Work instructions >> Transcribe all of the entries below exactly. Leave out the pictures.

Data excerpts >>
———
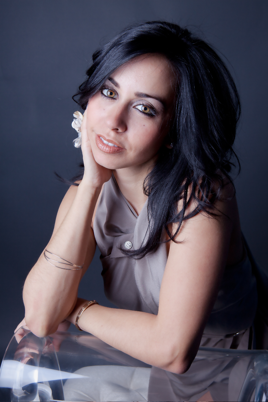 This photo is a head shot of Vanessa DeLeon. It will be uploaded to her Wiki page.
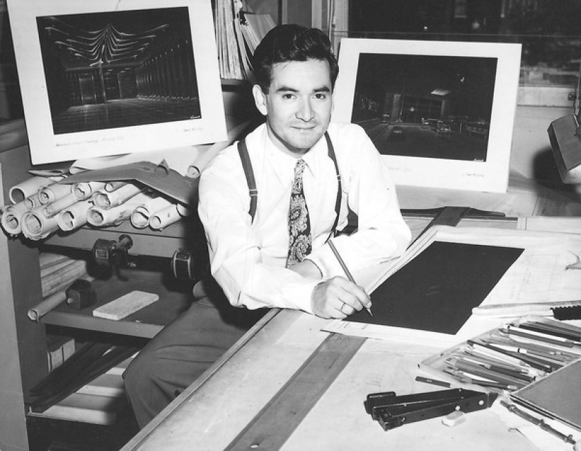 W.A. Sarmiento, seen in 1958 at the Bank Building and Equipment Corp. in St. Louis, designed more than 100 banks, helping them shed the typically somber image of buildings in the industry. (Family photo)
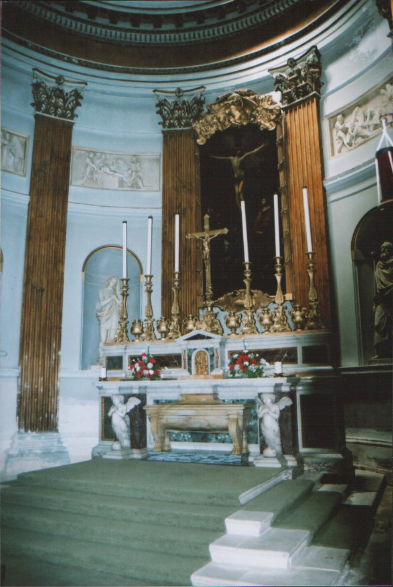 High Altar of St Mary the Virgin and St Everilda's Roman Catholic Church, Everingham, East Riding of Yorkshire, England. I took the photograph.
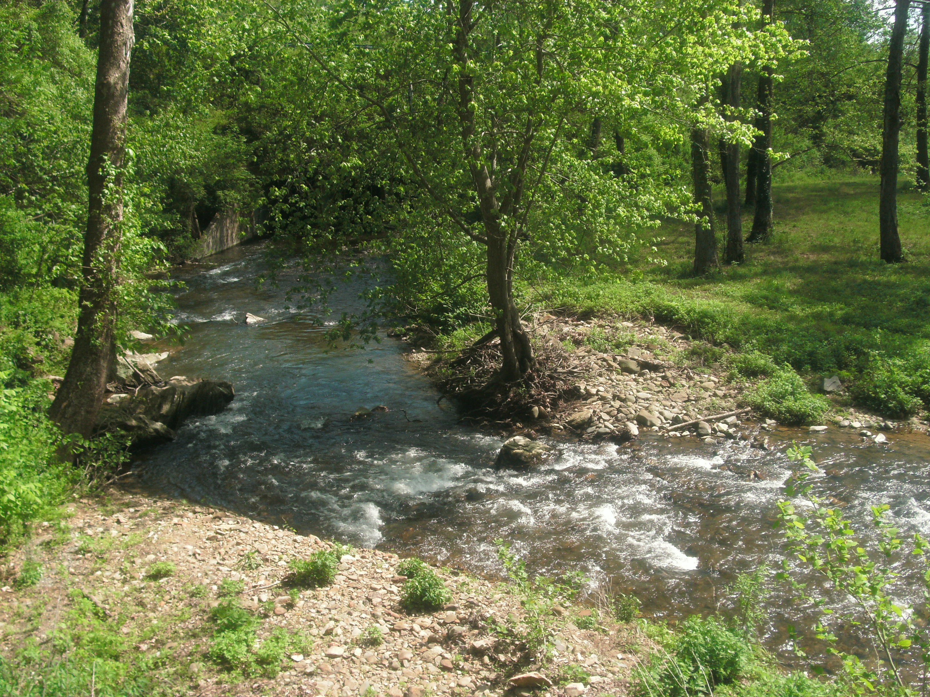 Taken by me in May, 2016 GEDSC DIGITAL CAMERA
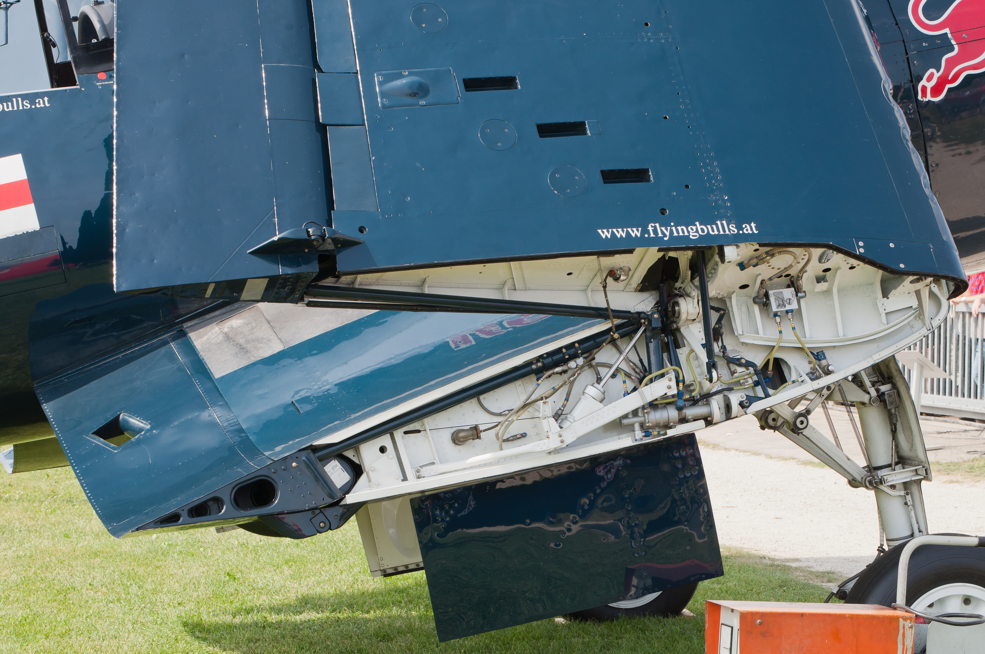 Wing folding mechanism. Aircraft: Eric Goujon/Red Bull Vought F4U-4 Corsair (reg. OE-EAS, cn 9149, built in 1945). Engine: Pratt & Whitney R2800 CB-3 (2100 hp).
———
Response to the exercise >>
 This photo is a head shot of Vanessa DeLeon. It will be uploaded to her Wiki page.
 W.A. Sarmiento, seen in 1958 at the Bank Building and Equipment Corp. in St. Louis, designed more than 100 banks, helping them shed the typically somber image of buildings in the industry. (Family photo)
 High Altar of St Mary the Virgin and St Everilda's Roman Catholic Church, Everingham, East Riding of Yorkshire, England. I took the photograph.
 Taken by me in May, 2016 GEDSC DIGITAL CAMERA
 Wing folding mechanism. Aircraft: Eric Goujon/Red Bull Vought F4U-4 Corsair (reg. OE-EAS, cn 9149, built in 1945). Engine: Pratt & Whitney R2800 CB-3 (2100 hp).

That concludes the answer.